_Task instructions_:
Your output should contain every record, unchanged.

■ ■ ■ ■ ■

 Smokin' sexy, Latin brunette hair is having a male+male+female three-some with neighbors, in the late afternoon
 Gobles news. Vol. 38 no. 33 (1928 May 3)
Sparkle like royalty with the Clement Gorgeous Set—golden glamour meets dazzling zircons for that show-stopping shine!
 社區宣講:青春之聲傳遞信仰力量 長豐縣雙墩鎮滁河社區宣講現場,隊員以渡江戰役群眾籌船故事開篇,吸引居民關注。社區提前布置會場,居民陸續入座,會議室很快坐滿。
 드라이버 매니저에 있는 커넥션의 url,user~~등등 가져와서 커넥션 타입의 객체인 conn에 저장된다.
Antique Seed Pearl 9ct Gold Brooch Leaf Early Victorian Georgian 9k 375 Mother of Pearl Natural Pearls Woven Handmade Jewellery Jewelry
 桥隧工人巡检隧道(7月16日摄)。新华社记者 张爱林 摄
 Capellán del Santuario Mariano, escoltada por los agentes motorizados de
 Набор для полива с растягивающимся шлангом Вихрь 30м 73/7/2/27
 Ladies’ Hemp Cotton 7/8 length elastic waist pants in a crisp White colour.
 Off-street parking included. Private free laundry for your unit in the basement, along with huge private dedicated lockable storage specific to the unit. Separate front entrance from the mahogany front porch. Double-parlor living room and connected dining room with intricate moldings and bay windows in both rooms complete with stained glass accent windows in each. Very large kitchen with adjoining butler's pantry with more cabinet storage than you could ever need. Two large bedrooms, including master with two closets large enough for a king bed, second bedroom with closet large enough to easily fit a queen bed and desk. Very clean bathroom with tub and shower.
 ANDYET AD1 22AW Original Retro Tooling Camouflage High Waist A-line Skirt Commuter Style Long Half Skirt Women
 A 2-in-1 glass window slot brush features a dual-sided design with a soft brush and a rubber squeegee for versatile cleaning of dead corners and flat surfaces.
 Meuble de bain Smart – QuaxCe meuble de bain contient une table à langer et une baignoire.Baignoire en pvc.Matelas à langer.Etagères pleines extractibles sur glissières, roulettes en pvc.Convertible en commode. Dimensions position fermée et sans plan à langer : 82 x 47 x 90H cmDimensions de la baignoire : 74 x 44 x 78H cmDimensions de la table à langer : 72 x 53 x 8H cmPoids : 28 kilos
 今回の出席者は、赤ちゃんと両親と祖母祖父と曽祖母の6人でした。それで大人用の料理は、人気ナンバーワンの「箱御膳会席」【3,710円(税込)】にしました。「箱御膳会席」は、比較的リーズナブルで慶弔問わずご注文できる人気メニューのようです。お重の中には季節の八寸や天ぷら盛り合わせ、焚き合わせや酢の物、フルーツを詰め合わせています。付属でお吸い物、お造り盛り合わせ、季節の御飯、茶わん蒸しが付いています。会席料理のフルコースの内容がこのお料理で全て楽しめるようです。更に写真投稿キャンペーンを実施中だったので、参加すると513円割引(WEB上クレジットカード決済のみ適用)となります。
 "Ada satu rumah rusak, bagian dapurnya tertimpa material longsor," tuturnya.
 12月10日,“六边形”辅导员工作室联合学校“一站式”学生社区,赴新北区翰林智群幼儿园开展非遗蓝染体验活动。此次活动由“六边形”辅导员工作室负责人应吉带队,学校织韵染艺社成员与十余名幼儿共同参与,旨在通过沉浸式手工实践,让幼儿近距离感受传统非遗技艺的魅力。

■ ■ ■ ■ ■

_Written response_:
 Smokin' sexy, Latin brunette hair is having a male+male+female three-some with neighbors, in the late afternoon
 Gobles news. Vol. 38 no. 33 (1928 May 3)
Sparkle like royalty with the Clement Gorgeous Set—golden glamour meets dazzling zircons for that show-stopping shine!
 社區宣講:青春之聲傳遞信仰力量 長豐縣雙墩鎮滁河社區宣講現場,隊員以渡江戰役群眾籌船故事開篇,吸引居民關注。社區提前布置會場,居民陸續入座,會議室很快坐滿。
 드라이버 매니저에 있는 커넥션의 url,user~~등등 가져와서 커넥션 타입의 객체인 conn에 저장된다.
Antique Seed Pearl 9ct Gold Brooch Leaf Early Victorian Georgian 9k 375 Mother of Pearl Natural Pearls Woven Handmade Jewellery Jewelry
 桥隧工人巡检隧道(7月16日摄)。新华社记者 张爱林 摄
 Capellán del Santuario Mariano, escoltada por los agentes motorizados de
 Набор для полива с растягивающимся шлангом Вихрь 30м 73/7/2/27
 Ladies’ Hemp Cotton 7/8 length elastic waist pants in a crisp White colour.
 Off-street parking included. Private free laundry for your unit in the basement, along with huge private dedicated lockable storage specific to the unit. Separate front entrance from the mahogany front porch. Double-parlor living room and connected dining room with intricate moldings and bay windows in both rooms complete with stained glass accent windows in each. Very large kitchen with adjoining butler's pantry with more cabinet storage than you could ever need. Two large bedrooms, including master with two closets large enough for a king bed, second bedroom with closet large enough to easily fit a queen bed and desk. Very clean bathroom with tub and shower.
 ANDYET AD1 22AW Original Retro Tooling Camouflage High Waist A-line Skirt Commuter Style Long Half Skirt Women
 A 2-in-1 glass window slot brush features a dual-sided design with a soft brush and a rubber squeegee for versatile cleaning of dead corners and flat surfaces.
 Meuble de bain Smart – QuaxCe meuble de bain contient une table à langer et une baignoire.Baignoire en pvc.Matelas à langer.Etagères pleines extractibles sur glissières, roulettes en pvc.Convertible en commode. Dimensions position fermée et sans plan à langer : 82 x 47 x 90H cmDimensions de la baignoire : 74 x 44 x 78H cmDimensions de la table à langer : 72 x 53 x 8H cmPoids : 28 kilos
 今回の出席者は、赤ちゃんと両親と祖母祖父と曽祖母の6人でした。それで大人用の料理は、人気ナンバーワンの「箱御膳会席」【3,710円(税込)】にしました。「箱御膳会席」は、比較的リーズナブルで慶弔問わずご注文できる人気メニューのようです。お重の中には季節の八寸や天ぷら盛り合わせ、焚き合わせや酢の物、フルーツを詰め合わせています。付属でお吸い物、お造り盛り合わせ、季節の御飯、茶わん蒸しが付いています。会席料理のフルコースの内容がこのお料理で全て楽しめるようです。更に写真投稿キャンペーンを実施中だったので、参加すると513円割引(WEB上クレジットカード決済のみ適用)となります。
 "Ada satu rumah rusak, bagian dapurnya tertimpa material longsor," tuturnya.
 12月10日,“六边形”辅导员工作室联合学校“一站式”学生社区,赴新北区翰林智群幼儿园开展非遗蓝染体验活动。此次活动由“六边形”辅导员工作室负责人应吉带队,学校织韵染艺社成员与十余名幼儿共同参与,旨在通过沉浸式手工实践,让幼儿近距离感受传统非遗技艺的魅力。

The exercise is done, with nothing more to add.